Records contained in a dataset:
= Beginning of Section =
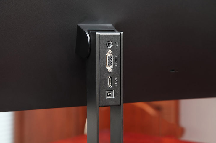 接口部分同樣非常簡潔,與很多顯示器將接口藏于機身內部不同,AOC 27V2H顯示器的接口直接裸露在機身外部,便于插拔,而且標識一目了然,可以看到,這款顯示器配備了一個D-SUB(VGA)接口以及HDMI高清視頻接口以及音頻輸出接口,基本可以滿足用戶的日常接駁藍光DVD以及PS設備的需求。
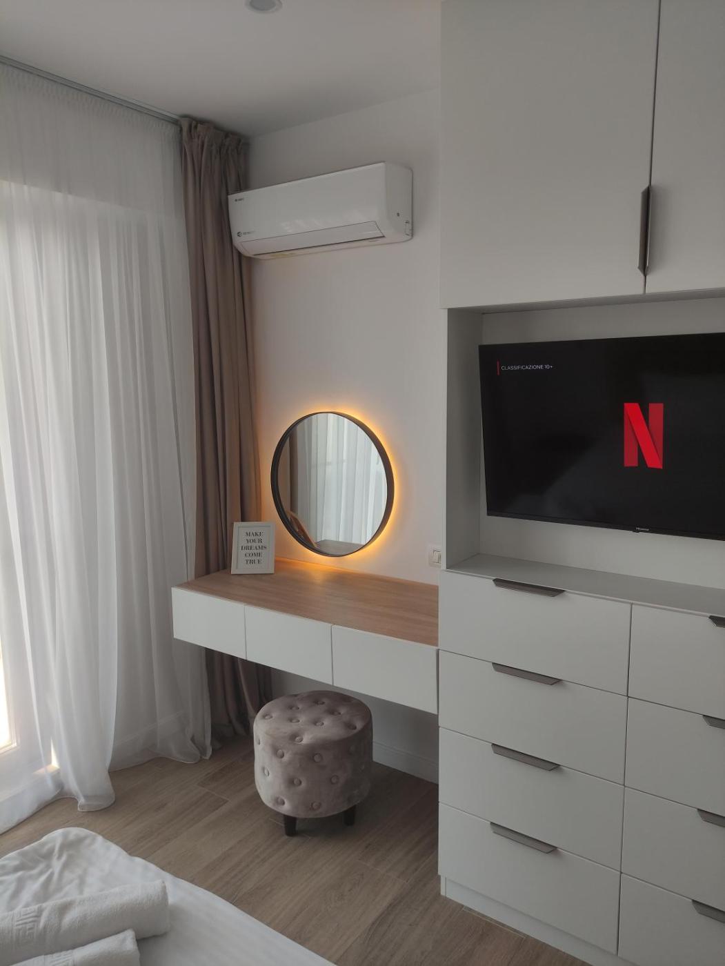 Boasting a balcony with lake views, a casino and free bikes, Aparthotel Black Sea can be found in Constanţa, close to Mamaia Beach and 1.7 km from City Park Mall. This apartment offers air-conditioned accommodation with a patio. The apartment also features free WiFi, free private parking and facilities for disabled guests.
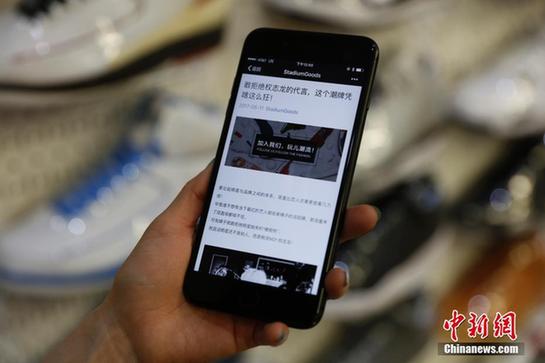 当地时间5月16日,马克菲特在微信注册了自己店铺的公众号,向中国消费者介绍店铺商品。马克菲特的潮鞋店名为StadiumGoods,位于纽约曼哈顿SOHO商业区,该店运动鞋和街头服饰齐全同时面向收藏者服务。马克菲特去年8月将店铺入驻淘宝网天猫国际后,目前通过互联网面向中国消费者的销售额已达数百万美元,他们每天通过天猫国际向中国发货数百双。中新社记者 廖攀 摄
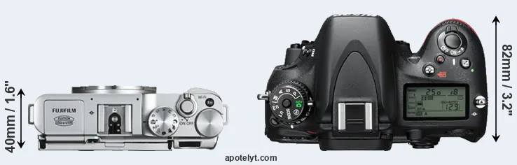 The physical size and weight of the Fujifilm X-A2 and the Nikon D610 are illustrated in the side-by-side display below. The two cameras are presented according to their relative size. Three consecutive perspectives from the front, the top, and the back are available. All width, height and depth measures are rounded to the nearest millimeter.
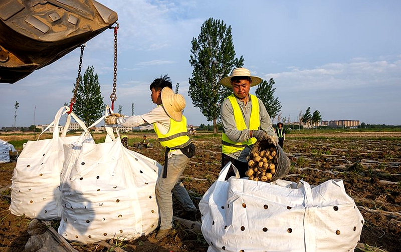 최근 린이허신구 상공가도 감자 재배 기지의 1300무 주문 감자가 풍작을 이루었으며, 예상 수확량은 무당 2500킬로그램을 초과할 것으로 보인다! 6월 15일, 기자는 해당 감자 재배 기지에서 밭의 수확기가 굉음을 내며 포클레인이 바쁘게 움직이고, 130여 명의 노동자들이 환하게 웃고 있는 모습을 보았다. 과학기술의 역량 강화와 주문 보장으로 마을 공동체와 농가가 '이중 소득 증가'의 기쁨을 함께 누리고 있으며, 새로운 농촌 진흥의 그림이 이하 신구에서 서서히 펼쳐지고 있다.
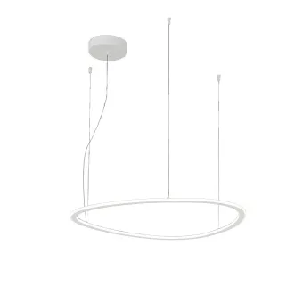 TRIS S65 est une suspension moderne et raffinée. Son luminaire central se compose d'un anneau unique, large et organique, aux formes libres évoquant un médiator, doté d'un diffuseur continu en silicone souple qui crée une ligne de lumière homogène. L'anneau bénéficie d'une double émission, diffusant la lumière vers le haut et vers le bas. Sa structure supérieure est constituée d'une fine armature métallique blanche mate. Le lustre est suspendu par quatre fins câbles en acier inoxydable et un câble d'alimentation blanc plus épais. Visible depuis le plafond, une rosace centrale circulaire blanche mate (la base principale) accueille deux des quatre câbles de suspension. Les deux autres câbles sont fixés à deux petits supports de plafond métalliques (décalages), espacés de manière à permettre un positionnement asymétrique et flexible de l'anneau lumineux, accentuant ainsi sa forme organique. Les matériaux utilisés sont le métal et le silicone opale, avec une finition blanche mate.
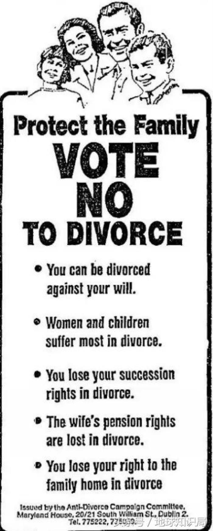 历史上,爱尔兰曾经确实不允许离婚,而且是明令写进宪法中的。
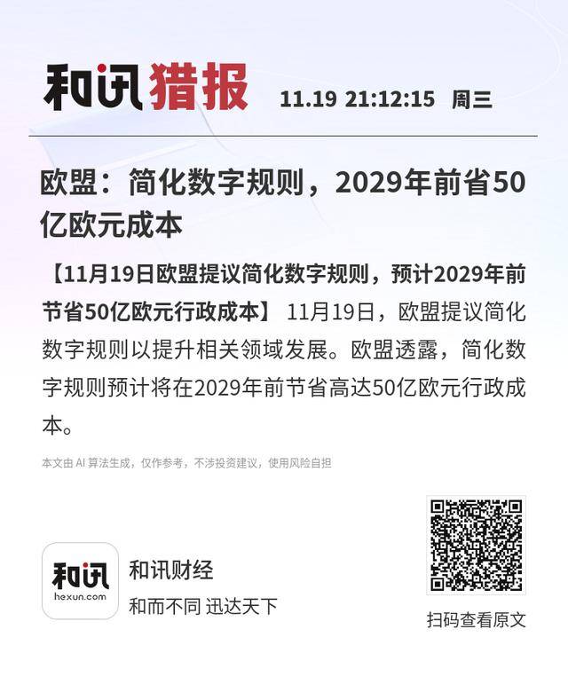 【11月19日欧盟提议简化数字规则,预计2029年前节省50亿欧元行政成本】11月19日,欧盟提议简化数字规则以提升相关领域发展。欧盟透露,简化数字规则预计将在2029年前节省高达50亿欧元行政成本。
= End of Section =
TASK ITEM:
Produce a verbatim copy of every entry, excluding pictures.

RESPONSE:
 接口部分同樣非常簡潔,與很多顯示器將接口藏于機身內部不同,AOC 27V2H顯示器的接口直接裸露在機身外部,便于插拔,而且標識一目了然,可以看到,這款顯示器配備了一個D-SUB(VGA)接口以及HDMI高清視頻接口以及音頻輸出接口,基本可以滿足用戶的日常接駁藍光DVD以及PS設備的需求。
 Boasting a balcony with lake views, a casino and free bikes, Aparthotel Black Sea can be found in Constanţa, close to Mamaia Beach and 1.7 km from City Park Mall. This apartment offers air-conditioned accommodation with a patio. The apartment also features free WiFi, free private parking and facilities for disabled guests.
 当地时间5月16日,马克菲特在微信注册了自己店铺的公众号,向中国消费者介绍店铺商品。马克菲特的潮鞋店名为StadiumGoods,位于纽约曼哈顿SOHO商业区,该店运动鞋和街头服饰齐全同时面向收藏者服务。马克菲特去年8月将店铺入驻淘宝网天猫国际后,目前通过互联网面向中国消费者的销售额已达数百万美元,他们每天通过天猫国际向中国发货数百双。中新社记者 廖攀 摄
 The physical size and weight of the Fujifilm X-A2 and the Nikon D610 are illustrated in the side-by-side display below. The two cameras are presented according to their relative size. Three consecutive perspectives from the front, the top, and the back are available. All width, height and depth measures are rounded to the nearest millimeter.
 최근 린이허신구 상공가도 감자 재배 기지의 1300무 주문 감자가 풍작을 이루었으며, 예상 수확량은 무당 2500킬로그램을 초과할 것으로 보인다! 6월 15일, 기자는 해당 감자 재배 기지에서 밭의 수확기가 굉음을 내며 포클레인이 바쁘게 움직이고, 130여 명의 노동자들이 환하게 웃고 있는 모습을 보았다. 과학기술의 역량 강화와 주문 보장으로 마을 공동체와 농가가 '이중 소득 증가'의 기쁨을 함께 누리고 있으며, 새로운 농촌 진흥의 그림이 이하 신구에서 서서히 펼쳐지고 있다.
 TRIS S65 est une suspension moderne et raffinée. Son luminaire central se compose d'un anneau unique, large et organique, aux formes libres évoquant un médiator, doté d'un diffuseur continu en silicone souple qui crée une ligne de lumière homogène. L'anneau bénéficie d'une double émission, diffusant la lumière vers le haut et vers le bas. Sa structure supérieure est constituée d'une fine armature métallique blanche mate. Le lustre est suspendu par quatre fins câbles en acier inoxydable et un câble d'alimentation blanc plus épais. Visible depuis le plafond, une rosace centrale circulaire blanche mate (la base principale) accueille deux des quatre câbles de suspension. Les deux autres câbles sont fixés à deux petits supports de plafond métalliques (décalages), espacés de manière à permettre un positionnement asymétrique et flexible de l'anneau lumineux, accentuant ainsi sa forme organique. Les matériaux utilisés sont le métal et le silicone opale, avec une finition blanche mate.
 历史上,爱尔兰曾经确实不允许离婚,而且是明令写进宪法中的。
 【11月19日欧盟提议简化数字规则,预计2029年前节省50亿欧元行政成本】11月19日,欧盟提议简化数字规则以提升相关领域发展。欧盟透露,简化数字规则预计将在2029年前节省高达50亿欧元行政成本。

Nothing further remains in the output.